São Paulo, 21 (AE) - O governador de São Paulo, Mário Covas (PSDB), encerra amanhã (22), no Instituto do Coração (Incor) do Hospital das Clínicas (HC) da capital uma série de três aplicações de quimioterapia para evitar o reaparecimento do câncer no organismo dele- no fim de dezembro, Covas extraiu a bexiga comprometida por um tumor maligno.
Covas internou-se no Incor na noite de sexta-feira (19) e passou a receber por via venosa um coquetel de drogas capaz de prevenir o surgimento de novos focos da doença.
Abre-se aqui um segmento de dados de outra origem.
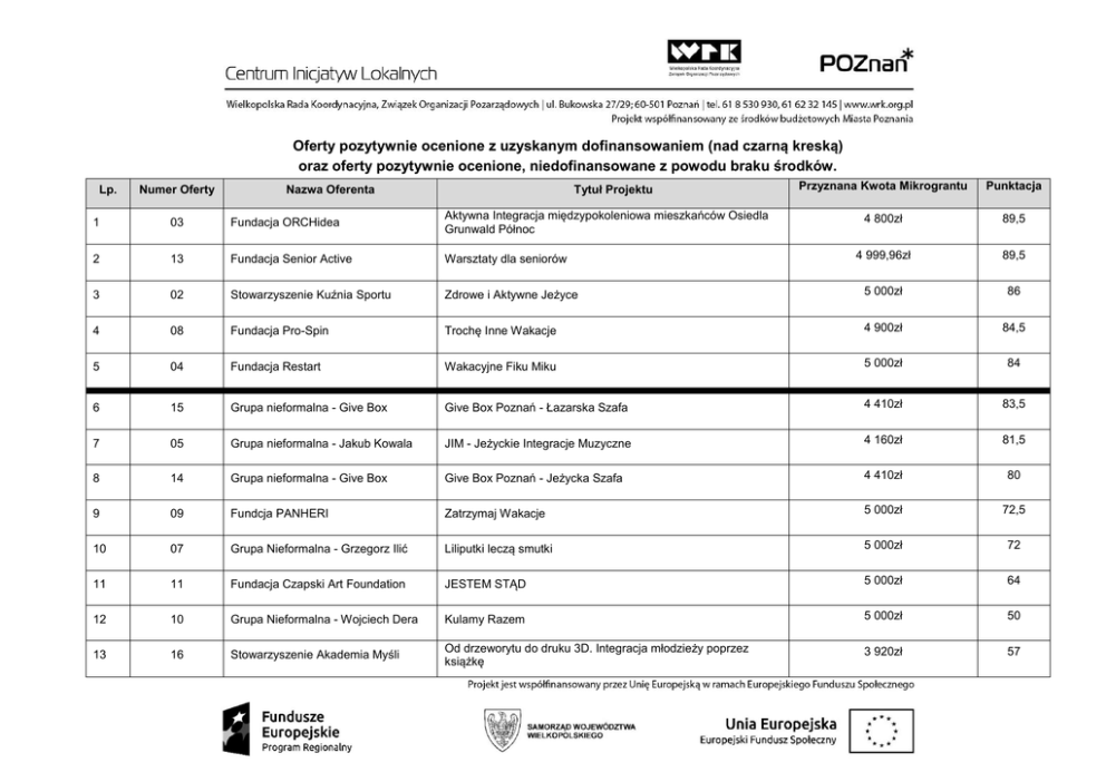 Oferty pozytywnie ocenione z uzyskanym dofinansowaniem (nad czarną kreską) oraz oferty pozytywnie ocenione, niedofinansowane z powodu braku środków. Lp. Numer Oferty Tytuł Projektu Nazwa Oferenta Przyznana Kwota Mikrograntu Punktacja 4 800zł 89,5 4 999,96zł 89,5 1 03 Fundacja ORCHidea Aktywna Integracja międzypokoleniowa mieszkańców Osiedla Grunwald Północ 2 13 Fundacja Senior Active Warsztaty dla seniorów 3 02 Stowarzyszenie Kuźnia Sportu Zdrowe i Aktywne Jeżyce 5 000zł 86 4 08 Fundacja Pro-Spin Trochę Inne Wakacje 4 900zł 84,5 5 04 Fundacja Restart Wakacyjne Fiku Miku 5 000zł 84 6 15 Grupa nieformalna - Give Box Give Box Poznań - Łazarska Szafa 4 410zł 83,5 7 05 Grupa nieformalna - Jakub Kowala JIM - Jeżyckie Integracje Muzyczne 4 160zł 81,5 8 14 Grupa nieformalna - Give Box Give Box Poznań - Jeżycka Szafa 4 410zł 80 9 09 Fundcja PANHERI Zatrzymaj Wakacje 5 000zł 72,5 10 07 Grupa Nieformalna - Grzegorz Ilić Liliputki leczą smutki 5 000zł 72 11 11 Fundacja Czapski Art Foundation JESTEM STĄD 5 000zł 64 12 10 Grupa Nieformalna - Wojciech Dera Kulamy Razem 5 000zł 50 13 16 Stowarzyszenie Akademia Myśli Od drzeworytu do druku 3D. Integracja młodzieży poprzez książkę 3 920zł 57 Oferty negatywnie ocenione pod względem formalnym Lp. 1 2 3 4 Numer Oferty Nazwa Oferenta Tytuł Projektu Przyznana Kwota Mikrograntu 01 Fundacja Ja-Ty-On-My Pożegnanie Wakacji na Łazarzu - 12 Grupa Nieformalna - Katarzyna Krzysztofiak Wakacyjna Akademia Małego Jogina - 17 Stowarzyszenie Lepszy Świat Wakacyjne Twórz-My - 06 Stowarzyszenie Otwarte Drzwi Bańka niepełnosprawności - przełamywanie barier w kontaktach z osobami niepełnosprawnymi - Punktacja -

Hoje à tarde, após ser submetido à segunda aplicação, o governador demonstrou estar reagindo "muito bem" ao tratamento, segundo a direção do hospital.
O governador poderá permanecer internado até tarça-feira (23). Não está descartada a possibilidade de ele receber alta ainda amanhã, depois de passar pela terceira aplicação, concluindo o segundo ciclo do tratamento - de um total de quatro
separados por um intervalo de três a quatro semanas.
Segundo a Assessoria de Imprensa do Palácio dos Bandeirantes, as condições de saúde do governador são boas. Caso contrário, a nova sessão de quimioterapia teria de ser adiada. Covas reclamou dos efeitos colaterais da primeira etapa de tratamento. Disse ter ficado "baqueado". Sentiu-se cansado. "Seria melhor comer uma pizza (do que fazer o tratamento), mas dá para aguentar", brincou o governador.
A equipe médica responsável pela quimioterapia é coordenada pelo diretor do Instituto de Radiologia do HC, Ricardo Bentrani. Participam da equipe que assiste a Covas os médicos particulares dele e os cardiologistas Giovanni Bellotti e Whady Huebe.
Apenas parentes do governador permanecem ao lado dele no Incor. Quando retornar ao palácio, Covas deverá retomar os trabalhos aos poucos. Na sexta-feira, horas antes de se preparar para a internação, o governador e a secretária de Assistência e Desenvolvimento Social, Marta Godinho, assinaram 418 convênios sociais com 62 municípios da Grande São Paulo, Baixada Santista e Vale do Ribeira.
A medida deverá beneficiar 172 mil pessoas, com repasse de R$ 41 milhões. "Essa será a única área que não sofrerá qualquer corte de recursos este ano", disse Covas. A primeira versão do orçamento da secretaria previa o corte de 30% da verba dos convênios. O governador disse que tentará garantir os R$ 94 milhões destinados à assistência social em 1998.